下面的代码生成以下两个图(图 1 留作参考):
所有个人特征
独特和共有特征的简单计数
其中一个应该符合预期。
# Prep. data --------------------------------------------------------------
nonshared <- data.frame(patient=c(rep("pat1",20), rep("pat2",10)), cell.type=c(rep("cell1",12), rep("cell2",8),rep("cell1",6), rep("cell2",4)), feature=paste("a",1:30,sep=''))
sharedcells <- data.frame(patient=c(rep("pat1",3), rep("pat2",4)), cell.types=c(rep("cell1||cell2",3),rep("cell1||cell2",4)), features=c("b1||b1","b1||b1","b1||b1","b2||b2","b3||b3","b4||b4","b4||b5"))
sharedpats <- data.frame(patients=c(rep("pat1||pat2",2), rep("pat1||pat2",6)), cell.type=c(rep("cell1",2),rep("cell2",6)), features=c("c1||c1","c2||c1","c3||c3","c3||c4","c3||c5","c6||c5","c7||c7","c8||c8"))
sharedall1 <- data.frame(both=c(rep("pat1-cell1||pat1-cell2||pat2-cell1||pat2-cell2",4)), features=c("d1||d1||d1||d1","d2||d2||d2||d3","d4||d4||d3||d3","d5||d5||d5||d5"))
sharedall2 <- data.frame(both=c(rep("pat1-cell1||pat1-cell2||pat2-cell1",2)), features=c("d6||d6||d6","d7||d7||d7"))
sharedall3 <- data.frame(both="pat1-cell1||pat1-cell2||pat2-cell2", features="d8||d8||d9")
sharedall4 <- data.frame(both="pat1-cell1||pat2-cell1||pat2-cell2", features="d10||d10||d9")
sharedall5 <- data.frame(both=c(rep("pat1-cell2||pat2-cell1||pat2-cell2",3)), features=c("d11||d11||d11","d12||d13||d13","d12||d14||d14"))
sharedall6 <- data.frame()
sharedall7 <- data.frame(both=c(rep("pat1-cell2||pat2-cell1",2)), features=c("d15||d16","d17||d17"))
sharedall <- rbind(sharedall1, sharedall2, sharedall3, sharedall4, sharedall5, sharedall6, sharedall7)
#I NEED A CIRCOS PLOT THAT SHOWS ALL THE CONNECTIONS. THE NON-CONNECTED (nonshared) FEATURES SHOULD NOT BE SHOWN, BUT THE SHOULD COUNT TO THE SIZE OF THE SECTOR (CORRESPONDING TO A PATIENT-CELL COMBINATION)

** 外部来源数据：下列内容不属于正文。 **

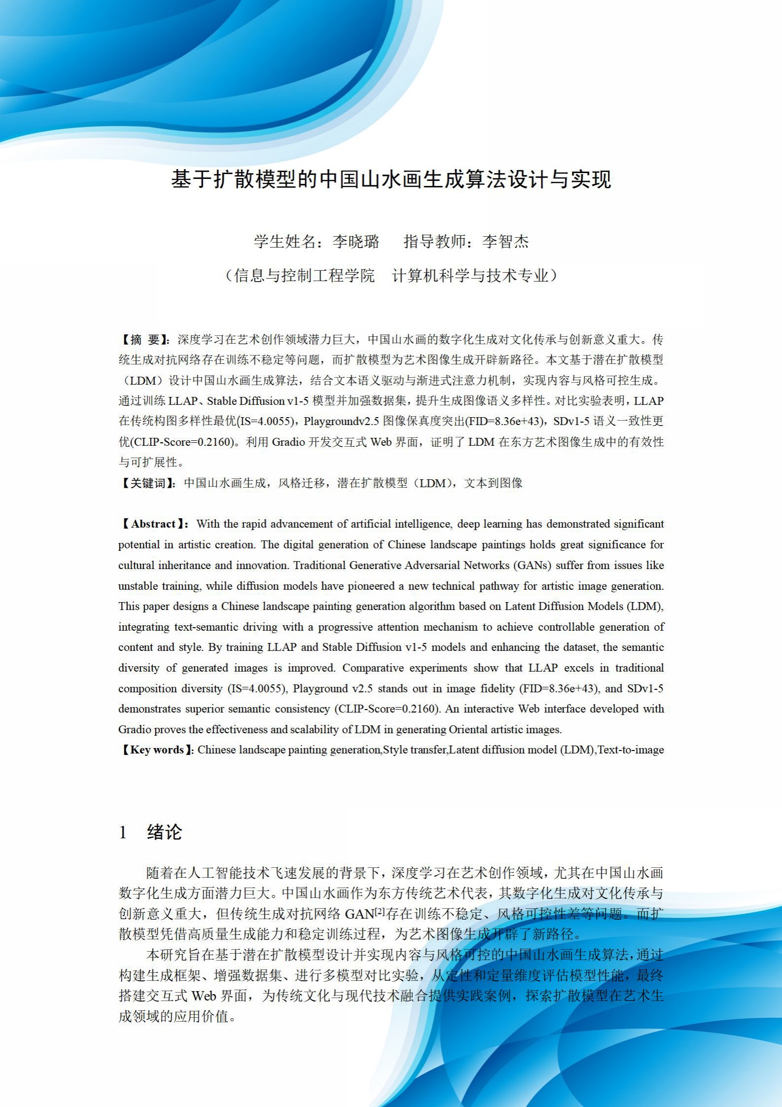 基于扩散模型的中国山水画生成算法设计与…

#THE FEATURES SHOULD BE COUNT UNIQUELY, SO IF THERE ARE ENTRIES LIKE:
#3 pat1||pat2 cell2 c3||c3
#4 pat1||pat2 cell2 c3||c4
#5 pat1||pat2 cell2 c3||c5
#THE FEATURE c3 SHOULD BE COUNT ONCE FOR pat1, AND EXPAND TO 3 DIFFERENT FEATURES IN pat2
# Start -------------------------------------------------------------------
library(circlize)
library(data.table)
library(magrittr)
library(stringr)
library(RColorBrewer)
# Split and pad with 0 ----------------------------------------------------
fun <- function(x) unlist(tstrsplit(x, split = '||', fixed = TRUE))
nonshared %>% setDT()
sharedcells %>% setDT()
sharedpats %>% setDT()
sharedall %>% setDT()
nonshared <- nonshared[, .(group = paste(patient, cell.type, sep = '-'), feature)][, feature := paste0('a', str_pad(str_extract(feature, '[0-9]+'), 2, 'left', '0'))]
sharedcells <- sharedcells[, lapply(.SD, fun), by = 1:nrow(sharedcells)][, .(group = paste(patient, cell.types, sep = '-'), feature = features)][, feature := paste0('b', str_pad(str_extract(feature, '[0-9]+'), 2, 'left', '0'))]
sharedpats <- sharedpats[, lapply(.SD, fun), by = 1:nrow(sharedpats)][, .(group = paste(patients, cell.type, sep = '-'), feature = features)][, feature := paste0('c', str_pad(str_extract(feature, '[0-9]+'), 2, 'left', '0'))]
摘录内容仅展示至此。